Patriot Energi yang Mengabdi di Pedalaman NTT Cerita Damadi Alumni Rumah Kepempinan Angkatan 6

Memperingati Sumpah Pemuda ke-96, Alumni Rumah Kepemimpinan terus menunjukkan perannya dalam membangun bangsa. Salah satu kisah inspiratif datang dari Darmadi atau yang akrab disapa Madi, seorang Alumni Rumah Kepemimpinan Angkatan 6 dari Regional Bandung, yang kini mengabdikan dirinya sebagai kepala sekolah di SMA BIAS Yogyakarta. Namun, kisah pengabdiannya jauh melampaui perannya di institusi pendidikan.

Lulus dari ITB pada tahun 2015, Madi mengambil langkah yang tak biasa. Ketika sebagian besar rekan seangkatannya memilih bekerja di perusahaan besar, Madi justru memilih untuk bergabung dengan *Patriot Energi*, sebuah program yang diinisiasi oleh Kementerian Energi dan Sumber Daya Mineral (ESDM) bekerja sama dengan Inisiatif Bisnis Ekonomi Kerakyatan (IBEKA). Sebagai bagian dari angkatan pertama Patriot Energi, Madi ditugaskan di Kabupaten Alor, Nusa Tenggara Timur. Di daerah terpencil ini, ia menjalankan tugas yang menantang: menginstalasi Pembangkit Listrik Tenaga Surya (PLTS) dan memastikan masyarakat mendapatkan akses energi yang layak.

Pengalaman Madi selama di Alor tidaklah mudah. Ia dihadapkan dengan tantangan sosial yang nyata. “Saya belajar banyak soal *social engineering* di sini,” ungkapnya. Masyarakat lokal sempat menaruh curiga pada program ini, dan Madi harus membuktikan diri sebagai bagian dari komunitas. Salah satu cara yang ia tempuh adalah dengan mengajar anak-anak di desa, sebuah langkah yang tidak hanya mendekatkan dirinya pada masyarakat tetapi juga memberikan manfaat langsung kepada generasi muda. Berkat upayanya, Madi berhasil meraih kepercayaan dan bahkan menjadi sosok yang dihormati.

Sebagai bentuk dukungan berkelanjutan, Madi ikut menginisiasi pendirian koperasi lokal untuk mengelola dan merawat PLTS di desanya. Ia juga mencoba menangani masalah air bersih dengan memasang pompa hidram, meskipun proyek ini masih dalam tahap penyempurnaan. “Listrik ini sederhana, tetapi efeknya luar biasa,” kata Madi. Kehadiran listrik memungkinkan anak-anak belajar malam hari, alat-alat rumah tangga digunakan untuk menunjang ekonomi keluarga, dan layanan kesehatan semakin optimal di malam hari.

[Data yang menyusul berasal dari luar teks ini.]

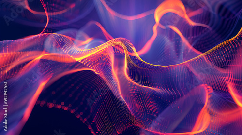 Wall mural : Abstract digital wave background glowing particles digital data flow technology concept cyber securi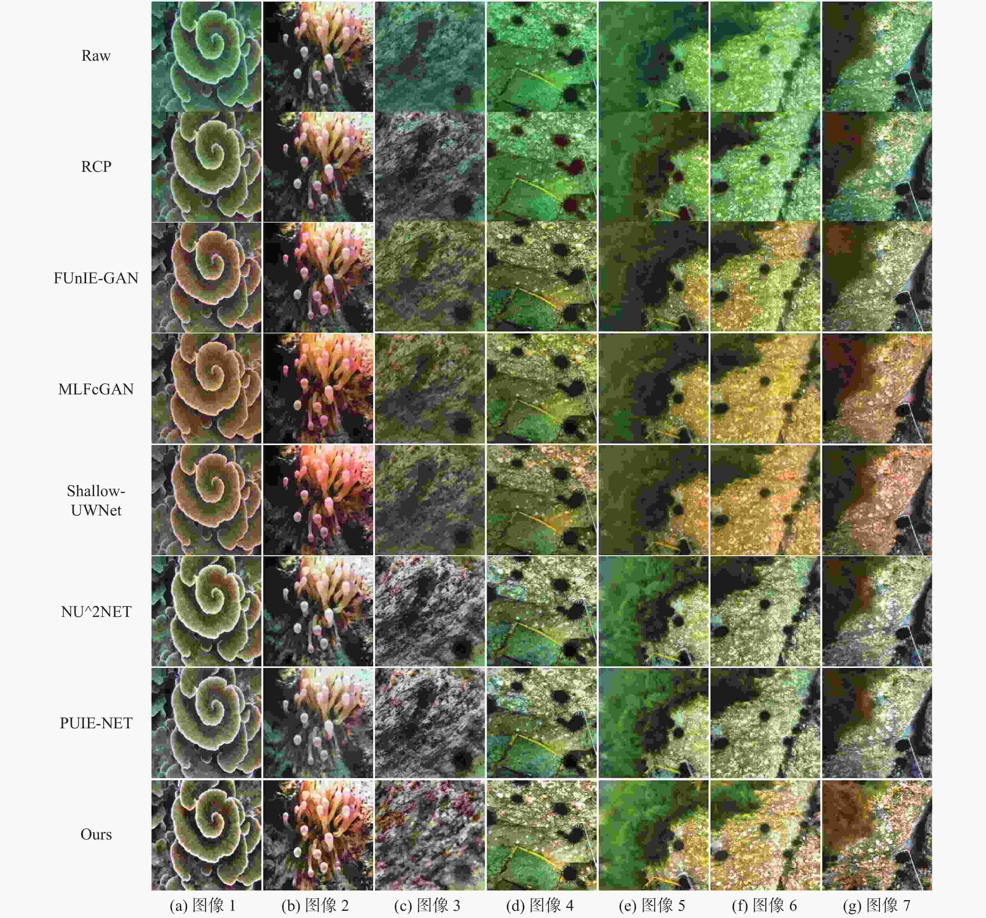 图像编号 图像处理方案 RCP FUnIE-GAN MLFcGAN Shallow-UWNet NU^2NET PUIE-NET Ours 图7(a) 5.108 2 (5.818 9) 5.802 1 5.621 2 5.386 5 5.351 9 5.822 7 图7(b) 5.612 6 5.674 8 5.606 5 (5.785 0) 5.478 9 5.134 9 5.917 4 图7(c) 5.686 1 5.707 6 5.670 7 5.599 5 (5.972 9) 5.608 4 6.071 0 图7(d) 4.122 1 5.382 3 5.384 3 5.457 0 5.243 7 (5.604 7) 5.664 0 图7(e) 4.169 7 4.759 3 4.497 5 4.020 5 4.451 6 4.417 9 (4.581 2) 图7(f) 4.483 3 5.681 1 5.591 8 (5.864 9) 5.322 2 5.505 1 5.873 7 图7(g) 5.102 4 5.548 5 (5.998 2) 5.677 2 5.552 8 5.367 5 6.171 6 注:表中各列的平均值分别为4.897 7,5.510 3,5.507 3,5.432 1,5.344 0,5.284 3,5.728 8;表中粗体表示每行最优结果,()表示每行次优结果。 表 4 不同方法在对应图像上的UCIQE指标

Madi juga menyaksikan bagaimana toleransi menjadi nilai yang dijunjung tinggi oleh masyarakat Alor. Sebagai satu-satunya Muslim di desa, ia diterima dengan sangat baik, bahkan diizinkan menggunakan gereja desa untuk beribadah saat itu menjadi tempat paling bersih di sekitar. “Mereka sangat menghormati saya, bahkan sampai menyediakan tempat khusus untuk saya salat,” ungkap Madi, mengenang momen penuh kehangatan itu.

Usai masa tugasnya sebagai Patriot Energi, Madi melanjutkan pengabdian di Yogyakarta. Melalui pendidikan, ia menanamkan nilai-nilai sosial kepada siswa-siswanya, berharap mereka menjadi generasi yang peduli dan berkontribusi bagi masyarakat. Ia pun bermimpi membangun pusat pelatihan Olimpiade gratis bagi anak-anak kurang mampu, mengulang kembali perjalanannya sebagai peraih medali Olimpiade yang mengantarnya ke ITB.

Dalam semangat Sumpah Pemuda, Madi percaya bahwa kolaborasi adalah kunci membangun Indonesia yang lebih baik. “Sumpah Pemuda adalah tentang menemukan titik temu dan bekerja sama,” katanya. Bagi Alumni Rumah Kepemimpinan seperti Madi, perjalanan pengabdian ini bukan sekadar prestasi, tetapi sebuah dedikasi nyata dalam menciptakan perubahan positif bagi masyarakat di seluruh Indonesia.